Rules regarding airline tarmac delays were significantly strengthened in 2010, with the Department of Transportation establishing a hard time limit after which U.S. airlines must allow passengers to deplane flights. Still, the hard deadline is three hours, which didn’t help passengers on a July 17 Allegiant Airlines flight heading to Oakland, Calif., from Phoenix Mesa Gateway Airport. More than 150 passengers had to sweat it out for 2½ hours after a maintenance issue left the aircraft with inadequate air conditioning. Passengers had to remain in their seats, even though the plane was still at the departure gate baking in triple-digit temperatures.

It’s understood that flying isn’t always going to be hassle-free. Repairs come up that must be addressed, and there are security issues involved that limit what airlines can do with regard to deplaning and reboarding.

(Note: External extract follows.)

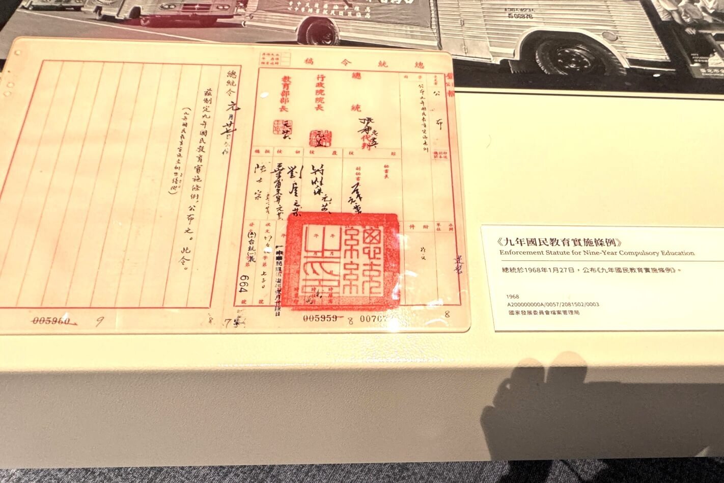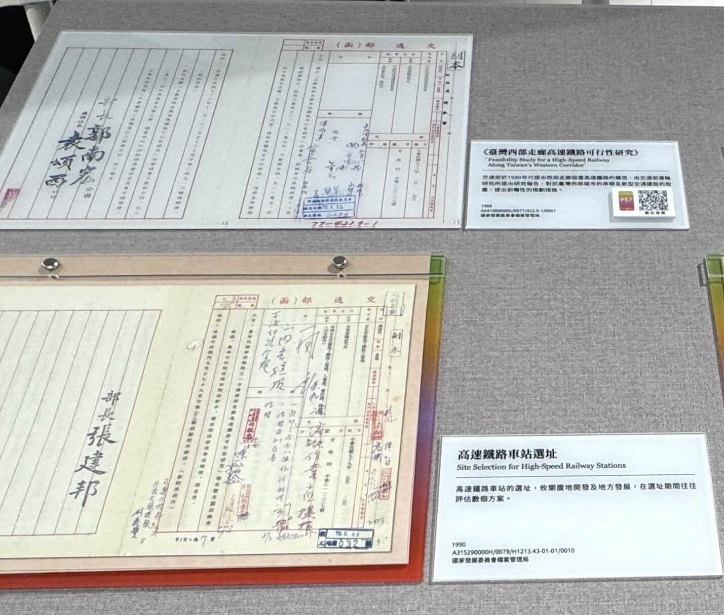 ↓在還不是數位的年代,所有的文件幾乎都是以紙本處理及貯存,展示櫃內有許多過去公告、發行的公文、規範等文件,已陸續被數位化,存入國家檔案館中,而成為歷史的記憶。
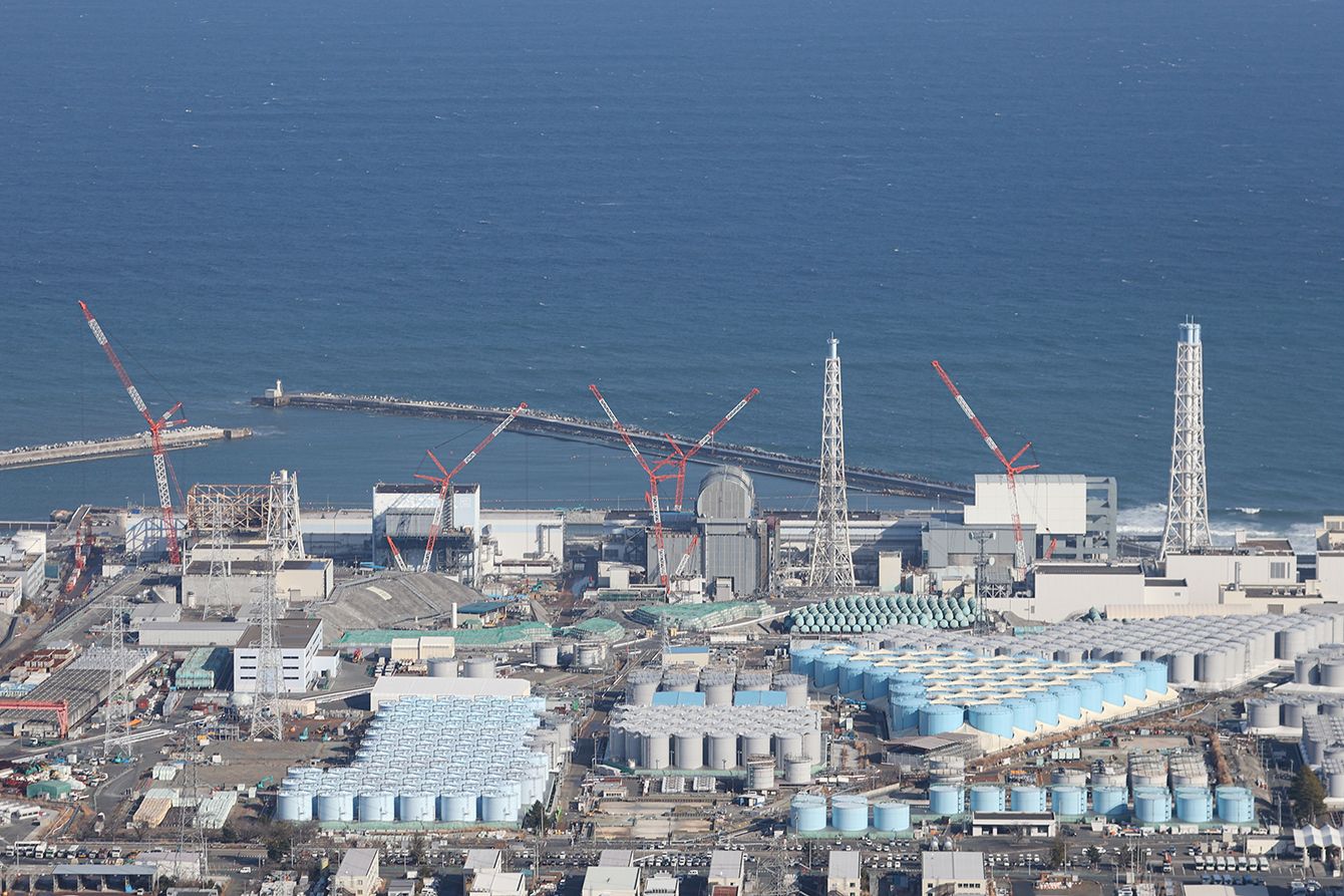 廃炉作業が進められている東京電力福島第1原子力発電所。中央左から1、2、3、4号機の原子炉建屋=2021年2月14日、福島県

But surely, airlines and airports can find a better solution for this problem, which has hit Las Vegas-based Allegiant twice this summer, though other airlines certainly face similar dilemmas. Isn’t there at least one secure place at most airports that’s reasonably comfortable, where passengers can get some relief? Can’t some common sense come into play here?

The airlines and airports would do well to quickly come up with a proposal to better handle tarmac delays — before the federal government steps in and really messes things up.